В руках Гегеля диалектический метод выступает, как нож в руках хирурга. Его холодный, безжалостный анализ всей предшествующей всемирной истории приводит к заключению, что история не является ареной счастья, что здесь целые народы приносятся в жертву. Гегель делает грустные заключения и по поводу всемирно-исторических деятелей прошлого. «...Если мы бросим взгляд на судьбу этих всемирноисторических личностей, призвание которых заключалось в том, чтобы быть доверенными лицами всемирного духа, оказывается, что эта судьба не была счастлива. Они появлялись не для спокойного наслаждения, вся их жизнь являлась тяжёлым трудом, вся их натура выражалась в их страсти. Когда цель достигнута, они отпадают, как пустая оболочка зерна».
По отношению к прошлым эпохам мировой истории мысли Гегеля о судьбе исторических деятелей имеют смысл. Но они неприменимы к новой эпохе, к новым деятелям, которых выдвигает международный пролетариат, могучее коммунистическое движение.
Великие вожди рабочего класса имеют иную судьбу. Своё счастье они видят в борьбе за дело коммунизма. Они тоже родились не для спокойной жизни, а для великого труда и подвига, но в этом они видели и видят и смысл жизни и личное счастье. Их великая и благородная деятельность во имя блага народа составляет главное содержание их жизни.
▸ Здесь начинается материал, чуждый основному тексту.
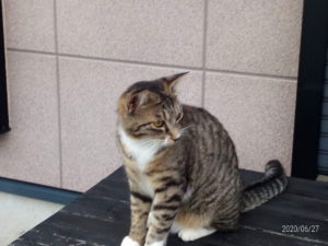 16時、うめが食事に帰って来ました。何と几帳面で時間を守る仔でしょう!?トラ子もジュレを食べました。お隣の物置で涼んでいる処へ福が来て情報交換。『僕、ジュレ、食べたよ~!あしょんで貰ったし~。』福が夏蜜柑の樹を渡って食事にやってきました。
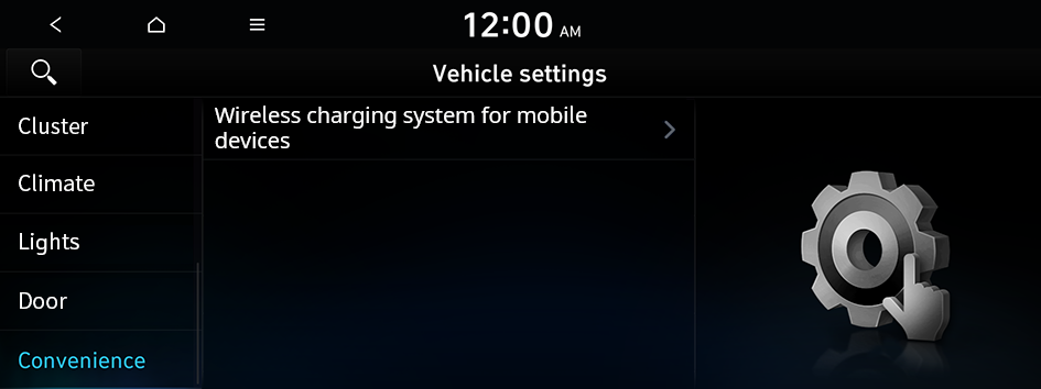 You can configure the features for convenience such as welcome sound and wireless charging.

Когда Маркса спросили, каков главный девиз его жизни, он ответил: «борьба». Борьба за счастье миллионов простых людей, пролетариев и угнетённых всего мира.
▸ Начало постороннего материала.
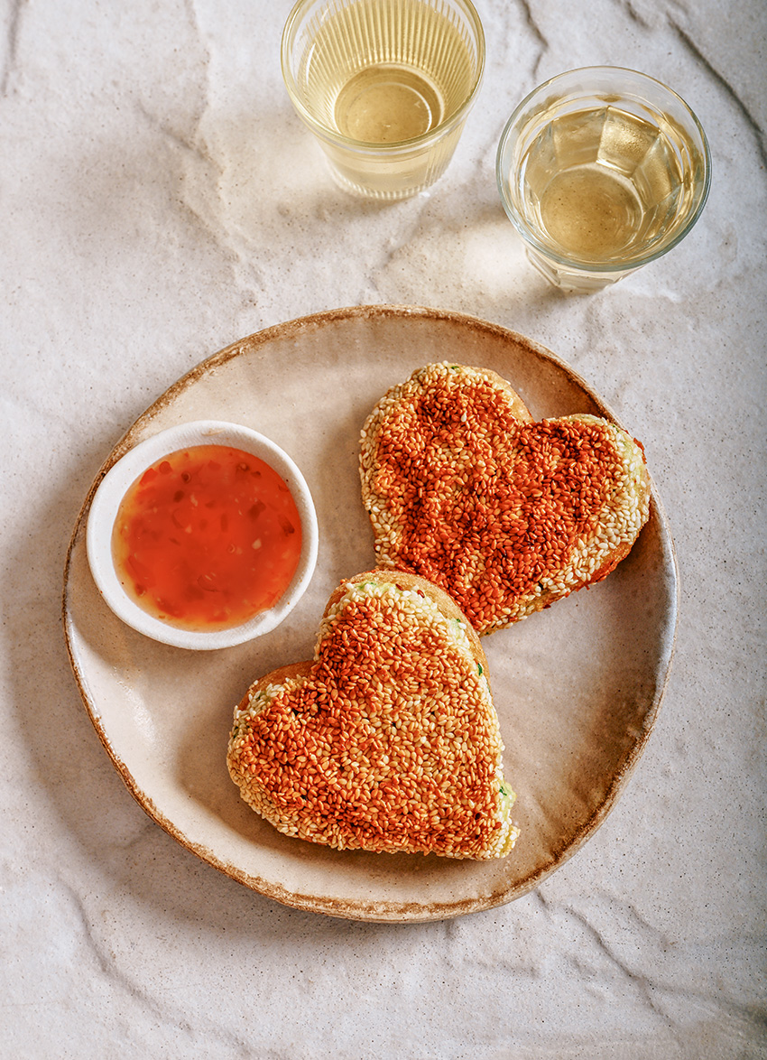These prawn toasts are thick and satisfying, yet still light — a Valentine’s delight!

Философско-исторические воззрения Гегеля, являясь антитезой взглядов французских просветителей XVIII века, представляли собой более глубокое учение о соотношении свободы и необходимости и на этой основе более правильное решение проблемы о роли личности в истории. Вместе с тем философия истории Гегеля, как мы видели, впадает в фатализм и обрекает людей на пассивность. Не только отдельные личности, но и целые народы в «Философии истории» Гегеля — это орудия «мирового духа». Поэтому Маркс и Энгельс подвергли философию Гегеля всесторонней критике.
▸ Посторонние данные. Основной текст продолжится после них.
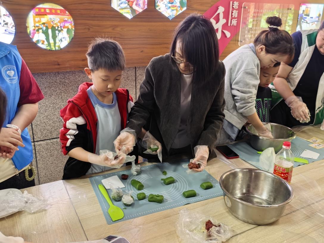 活动现场,志愿者向社区居民讲述清明节的历史由来与踏青、祭扫等传统习俗,结合时令特点开展健康膳食科普,并引入居民最期待的亲子青团手作环节,志愿者们指导和协助十余组家庭揉面、包馅、塑形,欢声笑语间,一个个青翠欲滴的青团陆续成型,民俗温情浸润社区每个角落。
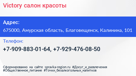 Victory, салон красоты по адресу 675000, Амурская область, Благовещенск, Калинина, 101 в дальнейшем Организация, размещена в следующих категориях:

Более реалистическое объяснение движущим силам исторического процесса дал Сен-Симон, а вслед за ним — французские историки времён Реставрации: Тьерри, Гизо, Тьер, Минье.
Социалист-утопист Сен-Симон сделал попытку рассматривать французскую революцию под углом зрения классовой борьбы, борьбы третьего сословия против дворянства, а не только с точки зрения борьбы идей и деятельности одиночек — героев революции. В трудах французских буржуазных историков этот взгляд на историю Франции, а также на английскую революцию получил дальнейшее развитие. Французские историки из уроков французской революции сделали правильные выводы о том, что не отдельные личности, не герои, а народные массы, классы делают историю. Но французские буржуазные историки, преодолевая субъективистские воззрения просветителей XVIII века, не дали положительного решения вопроса о роли личности в истории. А отсутствие решения этого вопроса делало уязвимой всю их позицию.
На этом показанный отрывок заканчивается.